* REQUIRED WORK *
Repeat everything from the first line of the listing below through the line that contains "附属中学2021年英文话剧比", exactly. Leave out pictures.

* INPUT DATA *
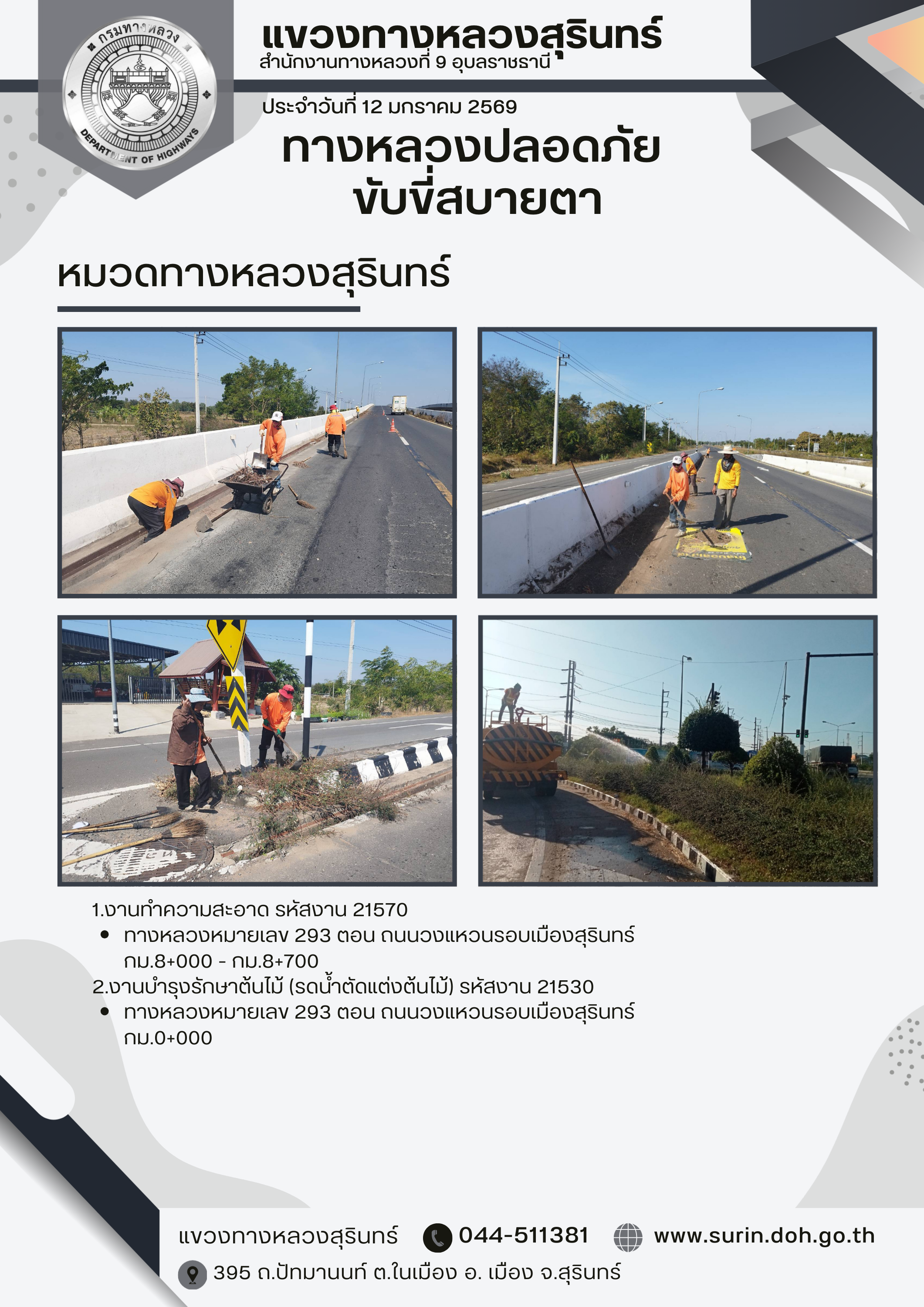 ทางหลวงปลอดภัย ขับขี่สบายตา 12 มกราคม 2569 |
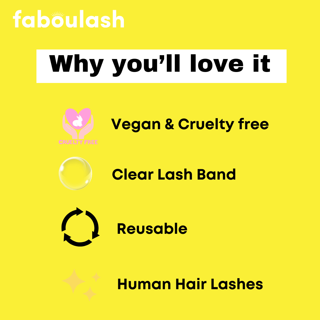 To reuse your Faboulash, gently remove it from your eyes after use. Peel off the adhesive and place it back into the lash tray to maintain its shape.
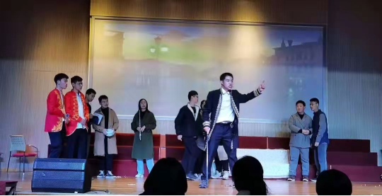 附属中学2021年英文话剧比赛的舞台上,《麦克白》剧组与高二年级9个班级的同学同台展演,架起大学生与中学生沟通交流的心灵之桥。
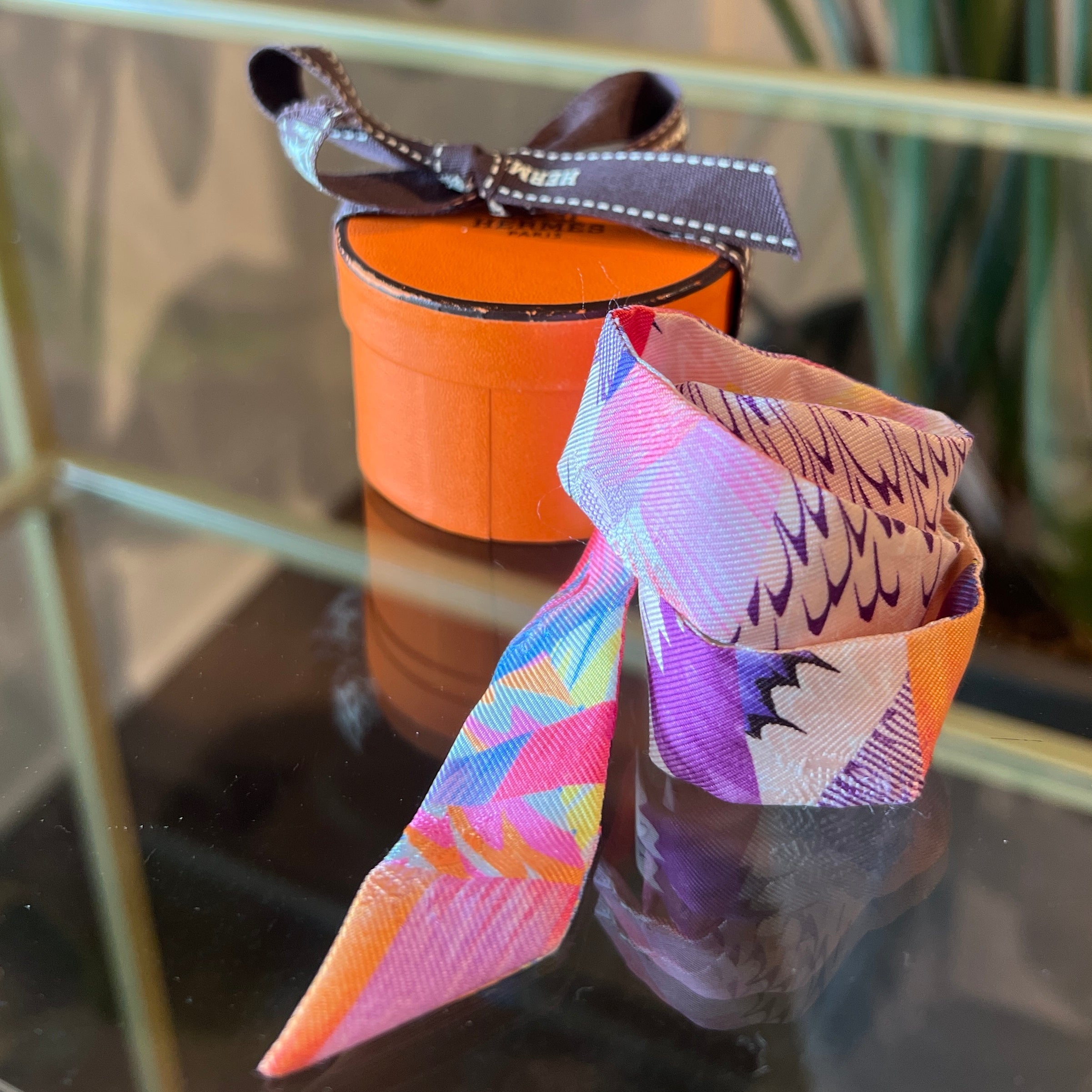 HERMES Marble Doll Rose Multicolore Silk Twilly

* RESPONSE TO THIS EXERCISE *
 ทางหลวงปลอดภัย ขับขี่สบายตา 12 มกราคม 2569 |
 To reuse your Faboulash, gently remove it from your eyes after use. Peel off the adhesive and place it back into the lash tray to maintain its shape.
 附属中学2021年英文话剧比赛的舞台上,《麦克白》剧组与高二年级9个班级的同学同台展演,架起大学生与中学生沟通交流的心灵之桥。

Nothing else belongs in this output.